Choose and save the routing strategy

Use the benchmark results to select an evidence-based routing strategy instead of guessing up front.

After the full benchmark finishes, review the results and then decide how Router should optimize.

The rule

Do not choose the routing strategy first and then benchmark to justify it.

The benchmark should come first. Strategy selection should be a response to observed quality, latency, cost, and reliability tradeoffs in your configured endpoint set.

First separate the knobs

The runtime exposes more than one routing control:

scoring strategy: balanced, quality, latency, cost
runtime routing mode: baseline, controller, difficulty, hybrid
execution scope: hybrid, local_only, remote_only, decision_only

This page is primarily about choosing the scoring strategy after benchmarking.

If you are choosing whether the runtime should use difficulty-aware routing, controller guidance, or local vs remote execution scope, read /router/routing-modes-locality-and-execution too.

The baseline strategy modes

The current baseline strategy vocabulary is:

balanced
quality
latency
cost

These strategies change how the router weights quality, latency, throughput, cost, reliability, and preference during candidate comparison.

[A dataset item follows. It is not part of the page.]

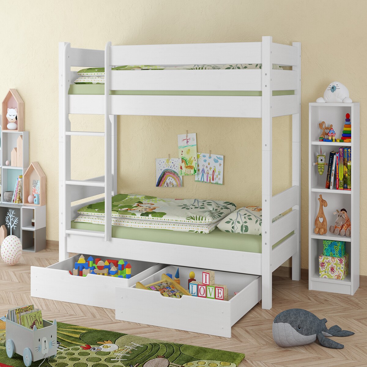 Etagenbett Kiefer weiß 90x200 Massivholzbett Kinderbett Zubehör wählbar V-60.10-09WRollrost. Matratzen und Doppelbettkasten inkl.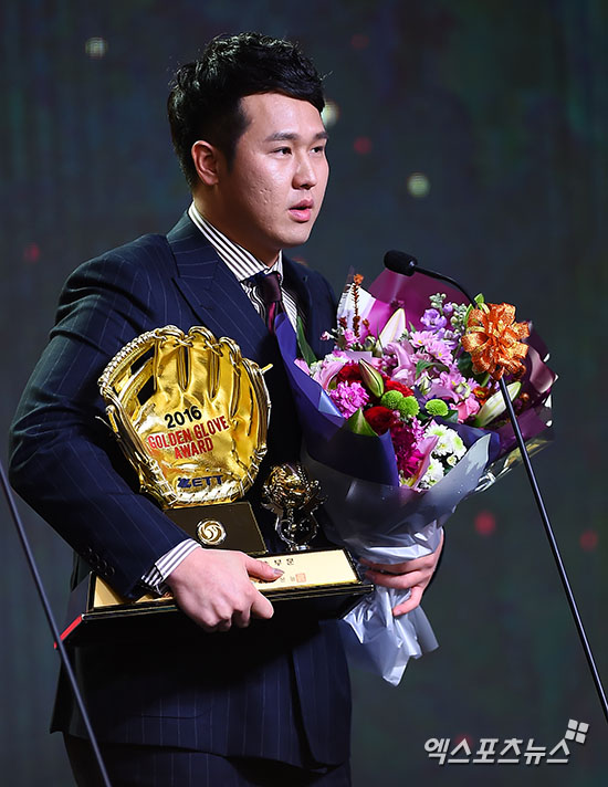 최정 '3루수 부문 골든글러브 수상'[포토]

What each strategy is trying to do

Strategy	What it optimizes for	Good first use case	What evidence matters most
`balanced`	overall health across quality, latency, cost, and reliability	default production posture when no single metric should dominate	mixed benchmark and runtime evidence
`quality`	strongest output quality with reliability support	coding, review, and other quality-sensitive tasks	benchmark judge scores and quality spread
`latency`	fastest healthy response	interactive UX and low-wait experiences	latency, throughput, and endpoint health
`cost`	cheapest healthy eligible execution path	budget-sensitive or high-volume workloads	cost estimates, budget context, and failure behavior

Strategy does not bypass hard routing rules. Capability, privacy, tools, and budget constraints still remove candidates before scoring starts.

Where difficulty and local/remote choices fit

difficulty is not just another weight preset beside balanced or quality.

It is a runtime routing mode that classifies the request as easy, medium, or hard and then uses that signal to decide which endpoints should stay in play for the request.

Likewise, local_only, remote_only, and hybrid are execution-scope choices, not scoring weights.

Those settings answer:

should the runtime be allowed to execute locally, remotely, or both?
should controller guidance participate?
should difficulty-aware endpoint ceilings participate?

Then the scoring strategy answers how the remaining candidate set should be compared.

How to interpret the benchmark before deciding

Use the benchmark results to decide:

whether quality differences are large enough to justify quality
whether latency differences dominate user experience strongly enough to justify latency
whether cost variation is meaningful enough to justify cost
whether the set is healthy and balanced enough for balanced

The benchmark most directly improves the quality side of routing because it writes quality evidence back into observed profiles.

Latency, throughput, reliability, and cost still matter too, but they are often shaped by a mix of benchmark results, live usage, and budget or target settings.